Os erros mais comuns, cometidos pelos tradicionalistas contra essa indumentária, dizem respeito, como sempre, às cores aberrantes, sobretudo no chiripá, que foi a essa época uma sofrida peça destinada a mal cobrir as vergonhas do homem e que agora aparece em verde-exorcista, grená-hemptise e quejandos. Ademais, esse chiripá, que era uma saia enrolada da cintura aos joelhos, com abertura de cima abaixo, bem na frente, começa agora a ser usado com a abertura ao lado, o que lhe dá uma aparência "hippie”. E seu tamanho foi reduzido a um mínimo, transformando em autêntico tapa-rabo de luxo.

Mas não param aí, os erros.
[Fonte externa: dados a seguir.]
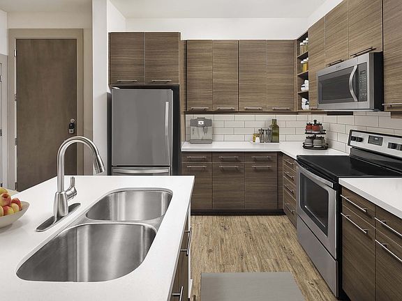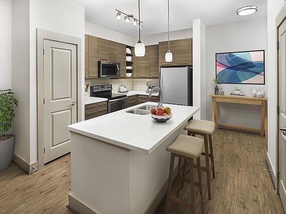 - Exterior features: , 11-foot ceilings, 42-inch upper cabinets, Balcony, Barbecue, Bathtub and shower combo, Bike storage/racks, Brushed nickel accents, Business Center, Cable included in rent, Ceramic tile kitchen backsplash, Close to entertainment, Close to highways, Close to parks & recreation, Close to shopping, Computer niche, Conference rooms, Courtyard, Flex Space, Frameless bathroom mirrors, Game Room, Hardwood-style floors in kitchen, living, and bath, Hardwood-style floors throughout, Housekeeping, Internet included in rent, Kitchen island, Lawn, Meeting rooms, Modern woodgrain cabinets, Open shelving in kitchen, Parking, Pendant lighting in kitchen, Pet grooming station, Prestigious school district, Pull down spray faucet, Quartz countertops, Recessed lighting in dining, Soaking tub, Stainless steel appliances, Stand alone shower, TV Lounge, Top floor, Under cabinet lighting, Undermount sinks, Utility room, Wi-Fi in common areas, Yoga/spin studio

Os tradicionalistas, desinformados e ingênuos, e as “vedettes” do tradicionalismo, colocam à cintura uma faixa branca, mais enfeitada que pilcha de castelhano, com larga ponta pendente. Pala não gostam de usar, para ficarem bem soltos... Se o chapéu de palha simplesmente não aparece, que dirá do pança-de-burro?

E volta a aparecer a importuna “rastra” castelhana, que os narcisos crioulos adoram tanto a ponto de inventar uma “rastra” de couro trançado!

A bota de garrão de potro, ideal para completar esse traje, quando aparece entre os tradicionalistas... é com as bombachas!
 
Fonte texto / Imagens adaptadas de: Antonio Augusto Fagundes - Indumentária Gaúcha. 86p.
voltar
84p.
© Copyright 2004, site www.sougaucho.com.br - Todos os direitos reservados - Proibida a reprodução.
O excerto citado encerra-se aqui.